Well, hello! It's been a very long time. Truthfully, I haven't wanted to write. My entire being has been through an emotional rollercoaster this year and it felt easier to hide. Whew--even writing that I was hiding was difficult to type.
The last time we "spoke", I had been broken up with as a wonderful 40th birthday gift. What a way to start a new year! That was complete sarcasm, in case I didn't convey it as such. My loved ones stepped in big time for me at that moment and I will forever be grateful. The rest of my year has been a journey of ups and downs, honestly. As much as I am blessed that the relationship ended, I beat myself up over my many mistakes. I'm human, what can I say?

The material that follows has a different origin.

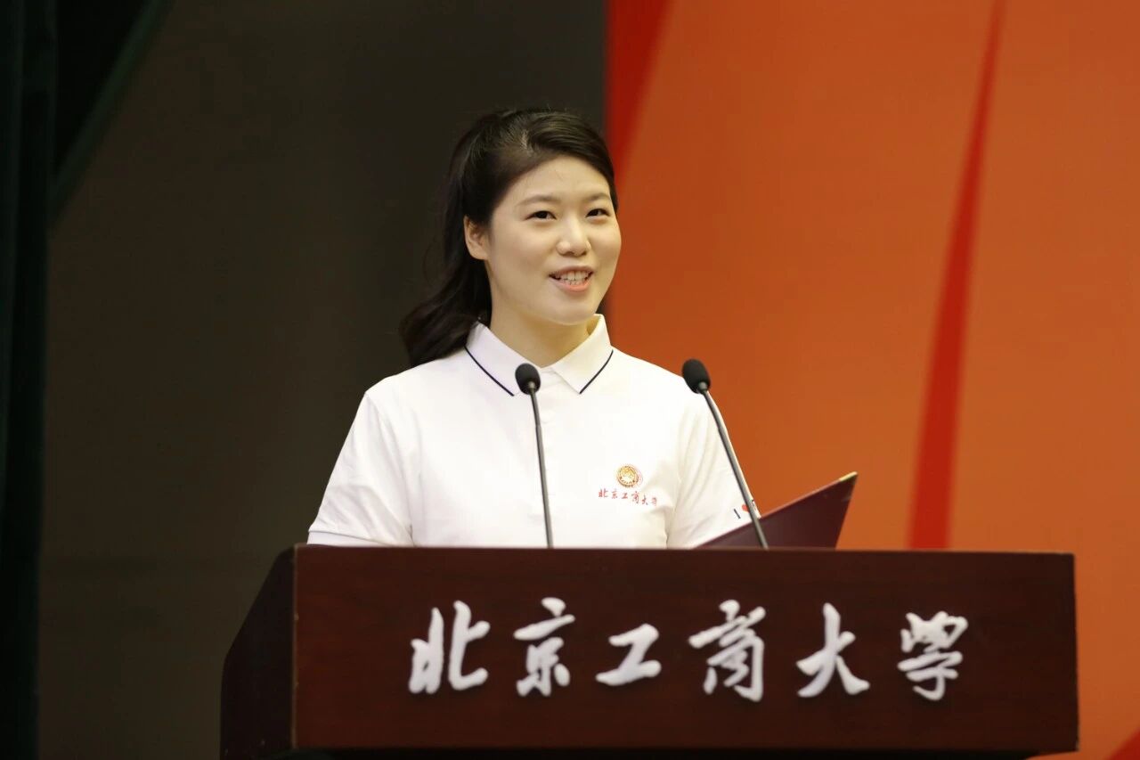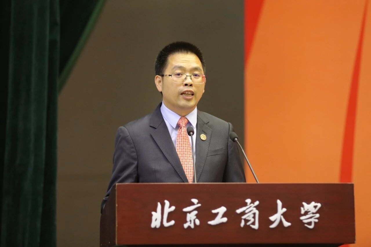 中国人民抗日战争暨世界反法西斯战争胜利80周年纪念大会志愿者、马克思主义学院廖承禹作为在校生代表发言,他分享了自己作为志愿者参与九三阅兵的经历,表示这是一次触摸时代脉搏、感受国家发展的生动课堂,体会到北工商人的担当与使命。同时他也提及了研究生生活的几点心得,希望新生们主动学习,寻找心之所向;大胆尝试,在实践中成长;心怀感恩,传递温暖与能量。最后,他勉励全体新生把个人的成长融入时代发展的浪潮,用“工商一体化”理念破解学科前沿难题,为学校高水平研究型大学建设贡献青春力量。

So what have I been up to? I've traveled a bit, I've cried a lot, I have laughed and I started dating again. I moved to a different city (same metro area), I've deepened some friendships and some have drifted away. I've experienced covid twice, in a mere ten weeks. I've lived in 2022 which is a far cry from 2020 - 2021. I don't have the bandwidth to write everything that has happened since January, but I would like to journal a bit about an experience I had recently.
For those unaware, I am a birthmother. That means I chose to place my son for adoption before he was born. No, I didn't give my baby up. No, I didn't give him away. And no, foster care and adoption are not the same thing. We can have a deeper discussion in the future about this if you'd like.
For many years, being a birth mom had negative social connotations. People would smile in my face and then turn around with judgment to the nth degree. Over the years, the idea of adoption has begun to shift. Birthmoms are starting to be supported and loved about their choice. Although I did not experience this in the beginning of my adoption journey, I am very grateful now to be able to join support groups with other birthmoms. Last year, I learned about an organization that exists solely to send adoptive families on all expenses paid vacations. Last year, they decided to include birth moms in this blessing. They had an application process, I submitted, and I was not chosen. I was a bit (a lot) upset if I'm perfectly honest. But as they say, patience is a virtue.
This year, the applications for the birthmom trip opened again and I nominated myself. And out of hundreds of applications, I was chosen alon side 13 other birth moms for 5 days in Florida, to include time at Disney World. I won't use this post to recap each day, each adventure, and each moment, but I would like to share one very special moment with you.
Our first day/night in the park, we had a VIP experience. We were led by two amazing cast mates, Kate and Whitney, and they led us through the parks spouting Disney trivia, taking us to the front of rides, and making sure we stayed hydrated. They were fun, kind, and truly made our experience magical. Every night, the Magic Kingdom has a fireworks show and since we were VIP, we were given a fenced off space with astroturf on the ground on which to sit and experience the magic in full. The show begins with colorful lights exploding in the night sky and I am handed a Mickey Mouse ice cream sandwich.
At the exact moment that I take my first bite, the song from Beauty and the Beast begins to play. As a child, I felt very unloved and unwanted and I found solace in books. In the film, books are plentiful and as a child, the movie made me feel like loving books was more than ok--that it was a wonderful thing. And I feel such joy in that moment watching the show.
The music then transitions to A Little Mermaid and little CoCo (me as a child) remembers how Disney movies taught me that a man would swoop in and save me and I'd live happily ever after. And current CoCo (watching the fireworks) begins to think about all the times in my younger years where I was hurt that a man didn't come to save me. And then I began to think about how I became a woman that can (and does) save herself.
The music transitions again to A Whole New World from the Aladdin movie, and this is the moment where I lose it. I begin weeping with joy realizing just how far I've come in life. The heartaches, the tragedies, the highs and lows and somehow these experiences brought me to this magical place at this exact moment in time with these beautiful souls surrounding me. It was, and is, a moment I will never forget.
Phew. There's so much more inside me that I want to say, but I think I'll end it here. I'll post a few photos from the trip below.Thank you for reading. I love you and you're worthy.